Hay días en los que, al guarecerte en tu casa al final de la jornada, no más sueñas con una gran bañera humeante donde bucear hasta encontrar flotando un pedacito de amnesia o un cuerpo que te espere en silencio y sin formular preguntas incómodas.
Son momentos en los que el peso que acumulas en tu alma tira de ti hacia el hastío vital y no te queda ni esa última esperanza. La que estilan, antes de terminar desplumados, los jugadores de póquer cuando llevan toda la partida perdiendo y vislumbran, al fin, la oportunidad de ganar algo, aunque sea haciendo trampas.
Ocurre cuando las ilusiones se te van escapando por el sumidero al verte incapaz de encajar las piezas de un puzle, que te parece cada vez más grotesco cuando compruebas que ajustan a todos menos a ti.

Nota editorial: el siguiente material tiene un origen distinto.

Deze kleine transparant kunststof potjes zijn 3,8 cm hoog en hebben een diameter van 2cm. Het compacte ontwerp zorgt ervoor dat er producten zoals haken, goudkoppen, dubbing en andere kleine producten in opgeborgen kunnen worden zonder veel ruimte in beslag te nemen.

Y la insatisfacción vital por sentirte ayuno de sueños se transmite hasta tus artejos, a los que descubres plañiendo, cuando reclaman que les ofrezcas al menos una noche en la que sean ellos, y no algún hijoputa o las circunstancias, quienes puedan decidir la jugada.

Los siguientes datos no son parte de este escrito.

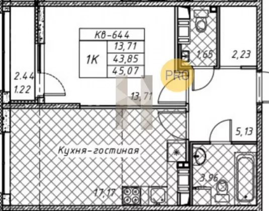 | Площадь, кв.м. | 45.07 |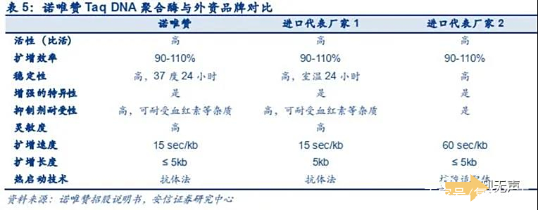 以诺唯赞的TaqDNA聚合酶为例,关键指标基本达到国际领先水平。

Tocan a rebato. A camuflar aquello que realmente te ha preocupado cuerpo y alma e ir avanzando despaciosamente hacia una existencia sosegada en la que no se te descosan las costuras.
Revestirte con una casi despectiva media sonrisa para que nadie se malicie de tu necesidad de olvidar.
En esos momentos, sólo te queda por fijar el bagaje que incluir en el hatillo para este trasunto vital. Cuestión mollar el decidirá quien te acompaña. Que abrazar de madrugada no es cuestión baladí y sirve para disipar dudas y enfilar la puerta del paraíso, aunque sea la trasera.